> TASK OBJECTIVE
Only the text should be kept: print every entry below exactly and leave each image out.

> ENTRIES SUPPLIED
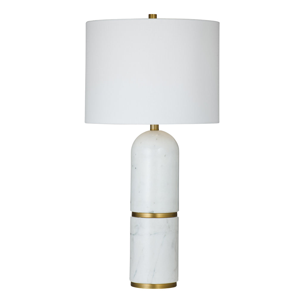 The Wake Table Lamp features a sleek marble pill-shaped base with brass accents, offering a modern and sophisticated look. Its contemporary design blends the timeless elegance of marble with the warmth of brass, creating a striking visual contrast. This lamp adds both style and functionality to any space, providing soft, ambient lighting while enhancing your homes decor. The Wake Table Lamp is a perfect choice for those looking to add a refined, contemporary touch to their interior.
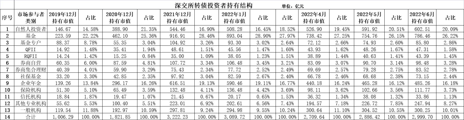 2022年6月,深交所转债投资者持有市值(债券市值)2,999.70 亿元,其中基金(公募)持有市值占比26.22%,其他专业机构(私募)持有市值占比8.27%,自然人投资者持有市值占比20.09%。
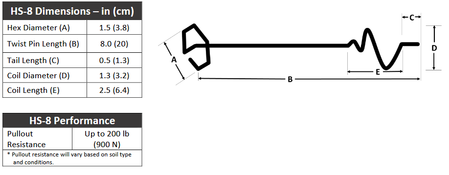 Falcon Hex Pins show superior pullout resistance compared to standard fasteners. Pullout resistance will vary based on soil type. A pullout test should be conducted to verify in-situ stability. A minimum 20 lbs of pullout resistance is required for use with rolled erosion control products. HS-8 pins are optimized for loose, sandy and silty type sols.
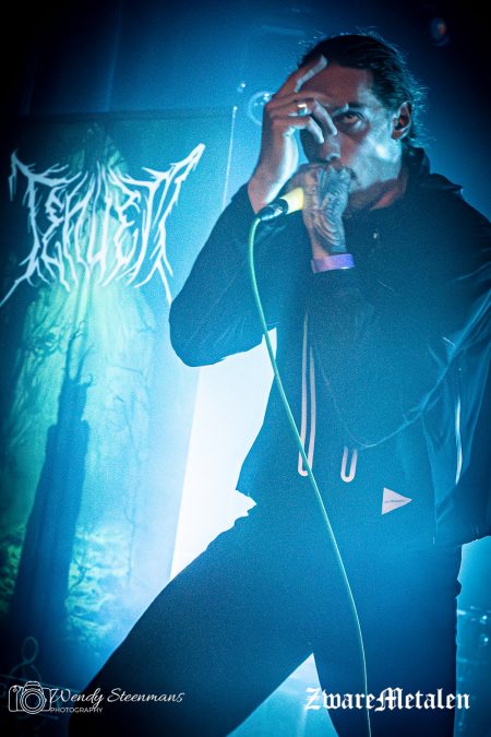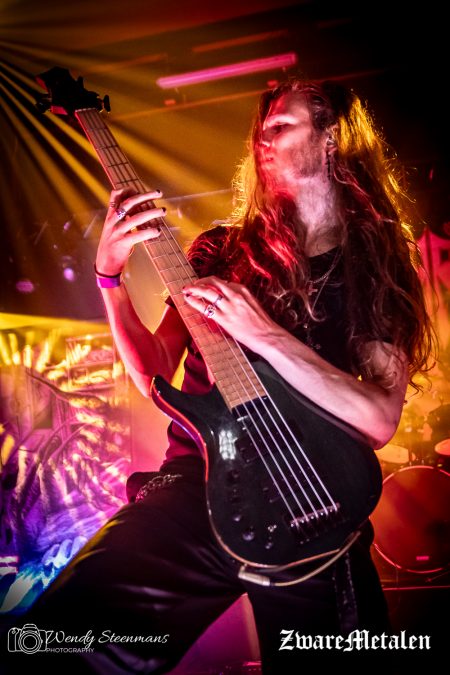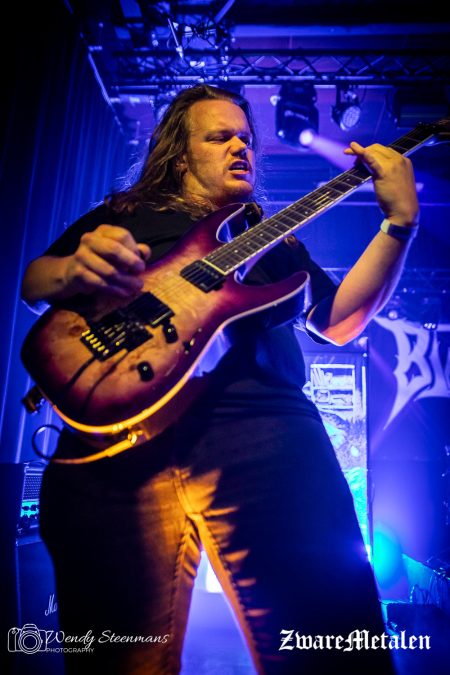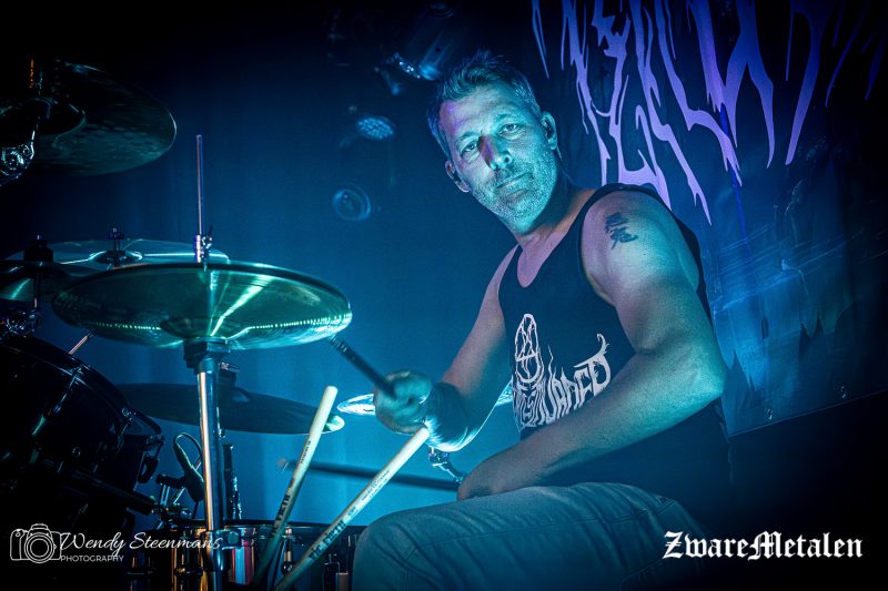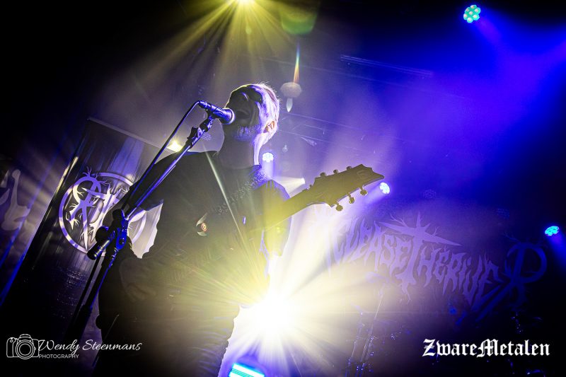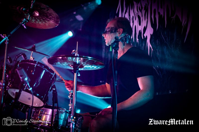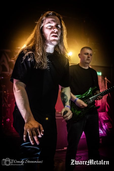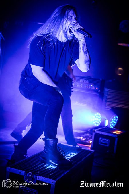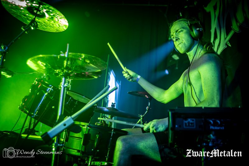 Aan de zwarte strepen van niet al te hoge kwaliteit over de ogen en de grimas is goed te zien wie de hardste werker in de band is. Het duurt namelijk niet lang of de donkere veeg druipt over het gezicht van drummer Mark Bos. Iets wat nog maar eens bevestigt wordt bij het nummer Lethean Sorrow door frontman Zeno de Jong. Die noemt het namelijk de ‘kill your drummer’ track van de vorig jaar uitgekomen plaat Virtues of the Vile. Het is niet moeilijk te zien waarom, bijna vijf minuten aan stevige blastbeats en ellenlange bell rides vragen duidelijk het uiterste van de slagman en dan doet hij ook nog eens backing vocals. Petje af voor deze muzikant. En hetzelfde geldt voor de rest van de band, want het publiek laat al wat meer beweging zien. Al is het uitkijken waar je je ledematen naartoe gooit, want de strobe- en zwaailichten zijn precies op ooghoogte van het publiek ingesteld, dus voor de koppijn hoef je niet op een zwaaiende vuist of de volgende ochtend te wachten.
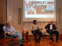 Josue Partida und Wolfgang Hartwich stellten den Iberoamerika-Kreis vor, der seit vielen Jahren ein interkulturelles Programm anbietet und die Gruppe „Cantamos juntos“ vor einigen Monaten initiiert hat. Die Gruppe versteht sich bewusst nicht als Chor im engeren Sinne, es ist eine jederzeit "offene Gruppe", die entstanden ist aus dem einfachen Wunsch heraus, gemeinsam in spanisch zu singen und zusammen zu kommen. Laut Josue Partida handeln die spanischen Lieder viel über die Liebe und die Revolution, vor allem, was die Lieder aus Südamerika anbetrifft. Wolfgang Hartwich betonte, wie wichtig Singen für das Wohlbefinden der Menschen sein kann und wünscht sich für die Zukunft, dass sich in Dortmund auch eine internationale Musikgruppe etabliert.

> TASK ANSWER
 The Wake Table Lamp features a sleek marble pill-shaped base with brass accents, offering a modern and sophisticated look. Its contemporary design blends the timeless elegance of marble with the warmth of brass, creating a striking visual contrast. This lamp adds both style and functionality to any space, providing soft, ambient lighting while enhancing your homes decor. The Wake Table Lamp is a perfect choice for those looking to add a refined, contemporary touch to their interior.
 2022年6月,深交所转债投资者持有市值(债券市值)2,999.70 亿元,其中基金(公募)持有市值占比26.22%,其他专业机构(私募)持有市值占比8.27%,自然人投资者持有市值占比20.09%。
 Falcon Hex Pins show superior pullout resistance compared to standard fasteners. Pullout resistance will vary based on soil type. A pullout test should be conducted to verify in-situ stability. A minimum 20 lbs of pullout resistance is required for use with rolled erosion control products. HS-8 pins are optimized for loose, sandy and silty type sols.
 Aan de zwarte strepen van niet al te hoge kwaliteit over de ogen en de grimas is goed te zien wie de hardste werker in de band is. Het duurt namelijk niet lang of de donkere veeg druipt over het gezicht van drummer Mark Bos. Iets wat nog maar eens bevestigt wordt bij het nummer Lethean Sorrow door frontman Zeno de Jong. Die noemt het namelijk de ‘kill your drummer’ track van de vorig jaar uitgekomen plaat Virtues of the Vile. Het is niet moeilijk te zien waarom, bijna vijf minuten aan stevige blastbeats en ellenlange bell rides vragen duidelijk het uiterste van de slagman en dan doet hij ook nog eens backing vocals. Petje af voor deze muzikant. En hetzelfde geldt voor de rest van de band, want het publiek laat al wat meer beweging zien. Al is het uitkijken waar je je ledematen naartoe gooit, want de strobe- en zwaailichten zijn precies op ooghoogte van het publiek ingesteld, dus voor de koppijn hoef je niet op een zwaaiende vuist of de volgende ochtend te wachten.
 Josue Partida und Wolfgang Hartwich stellten den Iberoamerika-Kreis vor, der seit vielen Jahren ein interkulturelles Programm anbietet und die Gruppe „Cantamos juntos“ vor einigen Monaten initiiert hat. Die Gruppe versteht sich bewusst nicht als Chor im engeren Sinne, es ist eine jederzeit "offene Gruppe", die entstanden ist aus dem einfachen Wunsch heraus, gemeinsam in spanisch zu singen und zusammen zu kommen. Laut Josue Partida handeln die spanischen Lieder viel über die Liebe und die Revolution, vor allem, was die Lieder aus Südamerika anbetrifft. Wolfgang Hartwich betonte, wie wichtig Singen für das Wohlbefinden der Menschen sein kann und wünscht sich für die Zukunft, dass sich in Dortmund auch eine internationale Musikgruppe etabliert.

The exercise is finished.